Она глубоко вдохнула, чувствуя привычный, предательский свист в груди. Астма третьей степени — ее вечная спутница и клеймо. Метка, привлекающая хищников. Спустившись по лестнице, она вышла на улицу. Дождь участился, застучал по капюшону ее темно-синей ветровки, надетой поверх голубого свитшота, с жёлтой вышивкой «53» на груди и белым воротничком, торчащим из-под ткани, — ее маленькая, никому не заметная попытка сохранить хоть каплю стиля в этом аду. Она натянула капюшон поглубже, скрывая свои выпирающие, трогательные «чебурашкины» уши, и направилась к велосипедной стоянке.
Ее старый, потрепанный велосипед одиноко ждал ее в дальнем углу. Она отстегнула замок, чувствуя холодный металл под пальцами — вернее, под тем местом, где должен был быть указательный палец на правой руке. Привычное отсутствие. Она вскочила на седло и тронулась, выезжая за школьные ворота и поворачивая на свою обычную, безлюдную дорогу вдоль канала.

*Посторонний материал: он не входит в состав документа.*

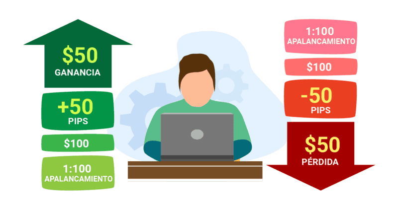 Luego está el apalancamiento, que te permite abrir operaciones más grandes que el saldo real de tu cuenta y trabaja en proporciones. Una proporción de 1:100, por ejemplo, significa que puedes controlar $10,000 con solo $100.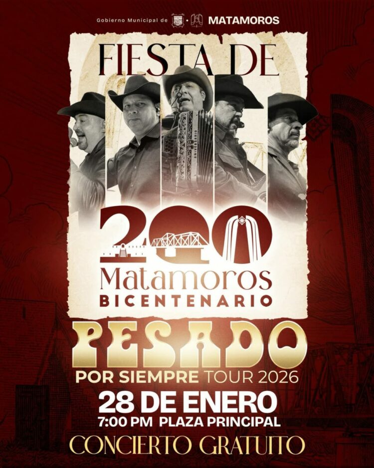 H. Matamoros, Tamaulipas.- En el marco de la celebración del Bicentenario de Matamoros, el alcalde Beto Granados destacó que la llegada de la reconocida agrupación Pesado forma parte de las actividades diseñadas para fortalecer la identidad, la convivencia familiar y la solidaridad entre las y los matamorenses.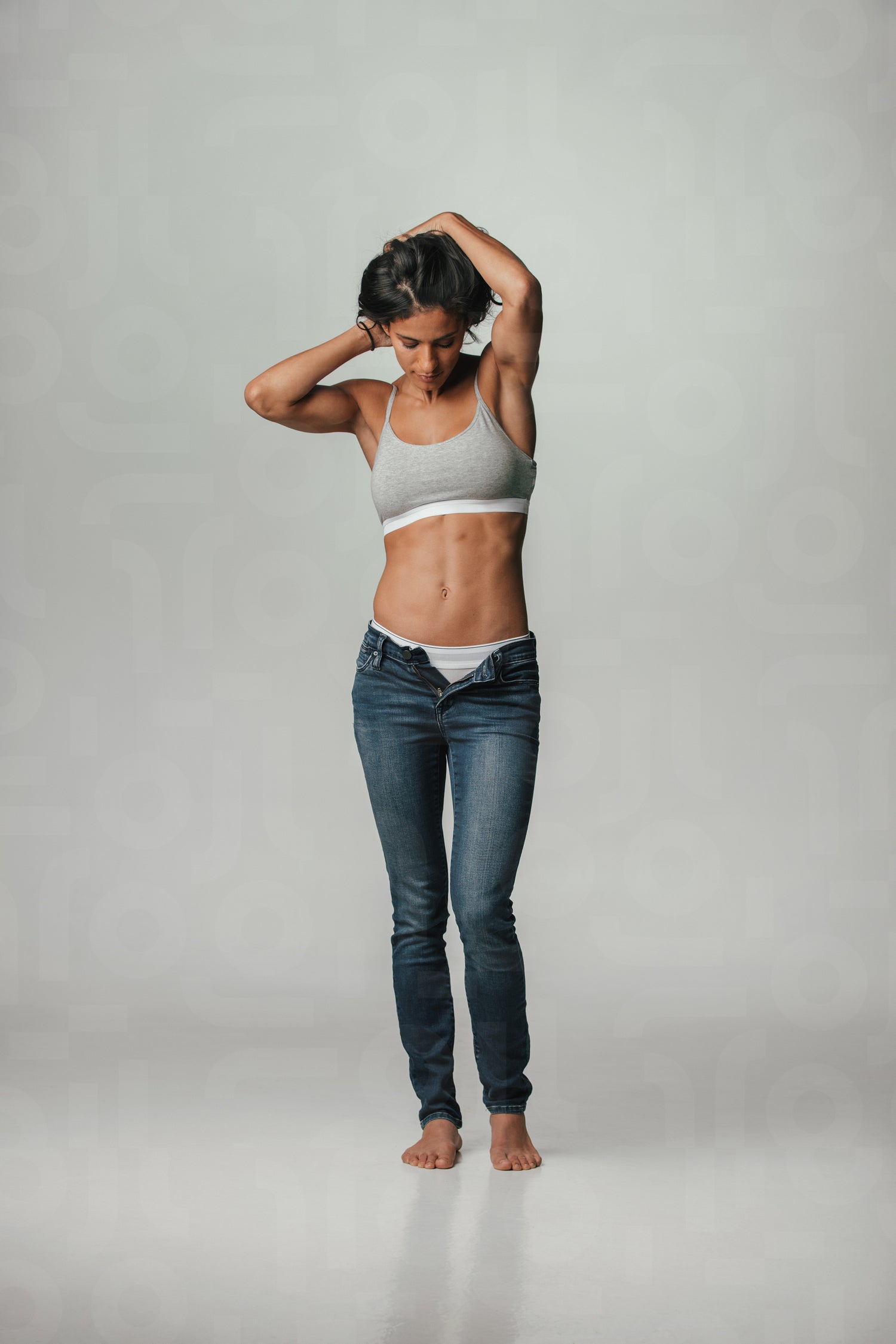 Trendy young woman posing in underwear and jeans with her zip undone to disclose her panties standing barefoot with her arms raised to her head showing her toned fit body, over grey
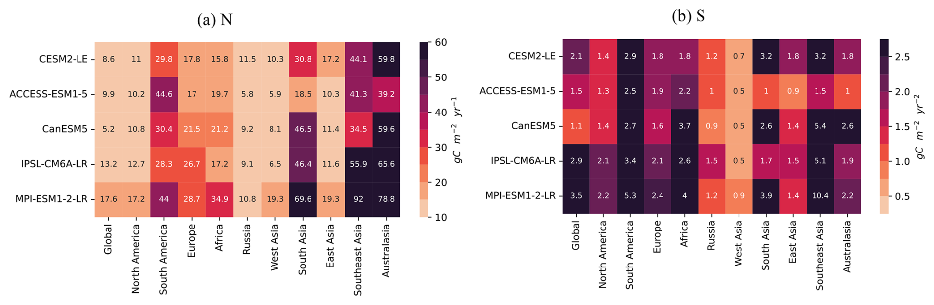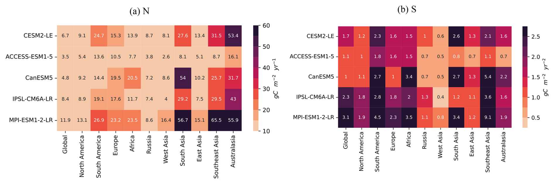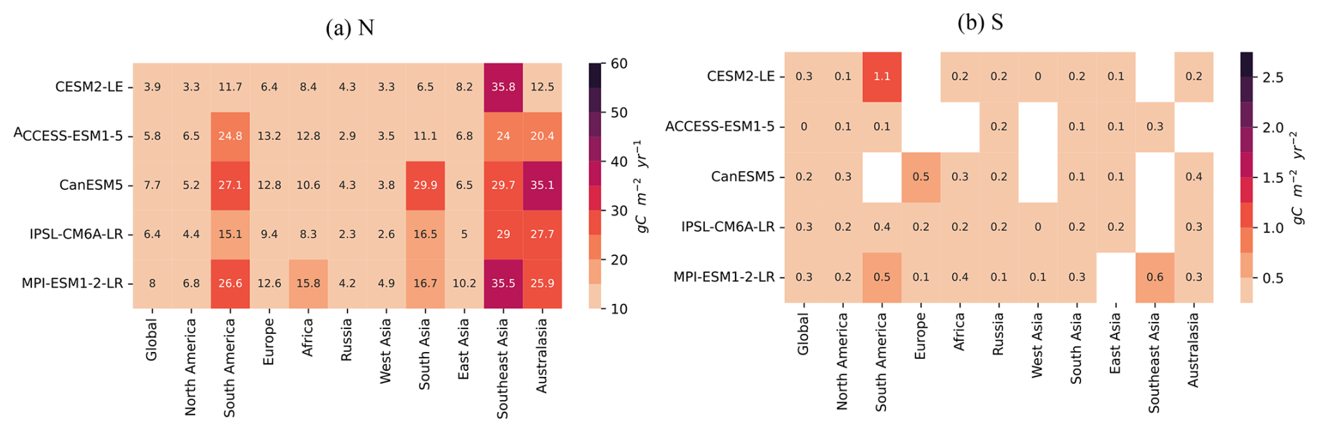 Figure A5Contribution of N and S to each RECCAP-2 region's ToE change in NBP, compared with global scale, in historical simulations. Note that we only show the values with change as the dominant contributor.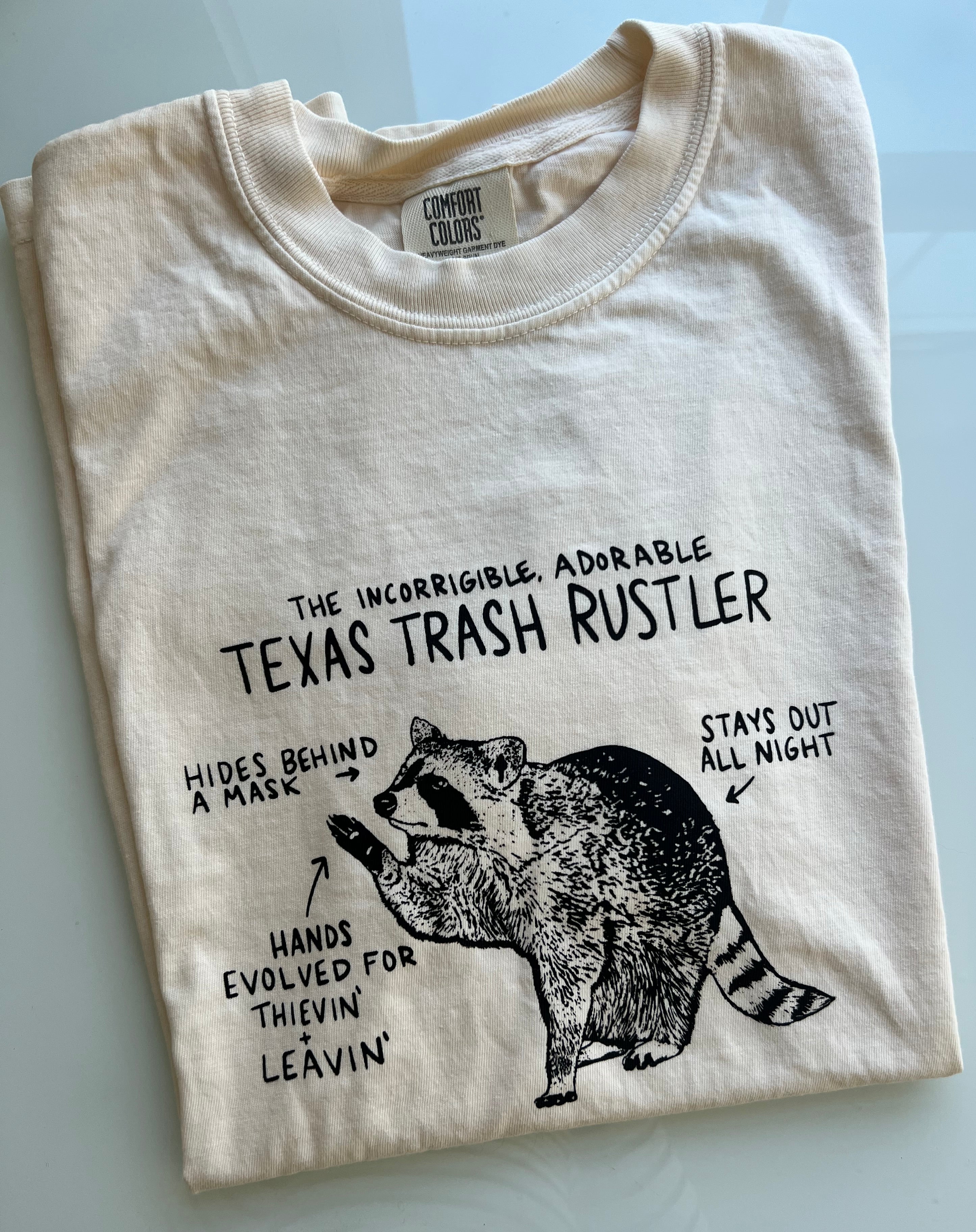 The Incorrigible Texas Trash Rustler. What an adorable and mischievous nighttime visitor! This is the perfect gift for anyone who loves these smart, curious little critters.

Тишина наконец опустилась на нее, мягким, влажным покрывалом. Лишь монотонный стук колес по мокрой брусчатке, шипение шин на поворотах и далекий, приглушенный гул города составляли ее личную, успокаивающую симфонию. Она даже позволила себе на мгновение закрыть глаза, почувствовав на лице прохладные капли. Где-то за густыми, низкими тучами глухо пророкотал гром. Женя мысленно представила себе старого, сварливого великана, ворочающегося во сне на небесах, — одно из тех детских, наивных сравнений, что спасали ее в самые трудные минуты.
Но тишину, хрупкую и такую желанную, разорвали другие звуки. Сначала далекие, потом все ближе и назойливее. Натужный, визгливый скрип мокрых тормозов, который знакомо резанул слух. Грубый, сдавленный смех, от которого похолодело внутри. И наконец, голос, прорезавший шум дождя, как ржавое лезвие:
— Hej, Doshka! Эй, косоглазая! Куда так спешишь? Промокнешь же, астматичка!
Сердце Жени провалилось куда-то в пятки, превратившись в ледяной, тяжелый ком. Она узнала этот голос сразу, всеми фибрами души, всеми ноющими старыми синяками. Не оборачиваясь, она изо всех сил, до хруста в костяшках, вцепилась в руль и нажала на педали. Велосипед рывком рванул вперед, цепи заурчали громче, сражаясь с набирающей силу стихией и ее собственным страхом.
— О, смотри-ка, побежала! — это был уже другой голос, выше, с фальшивой, ядовитой веселостью. Голос Стина Андерсена. — Куда ты спешишь, уродина?! Думаешь, сможешь убежать от нас со своими крохотными, дырявыми лёгкими?!
— Ja-ja! — поддакивал, запыхавшись, но не отставая, второй — Бастиан Маттесен.
Два моральных урода. Два сапога пара. Два сплетенных в один ядовитый клубок существа, которые, казалось, питались ее унижением. Она слышала, как они ускоряются, их новые, навороченные горные велосипеды легко обходят ее старенького «коня». Она знала, что далеко не уедет. Зна́ла это с той же неизбежностью, с какой знала, что после дождя на асфальте появятся лужи. Ее предательское дыхание уже сбивалось, в груди засвистело и заурчало, вырываясь наружи короткими, прерывистыми порывами. Любой резкий выдох отзывался болью.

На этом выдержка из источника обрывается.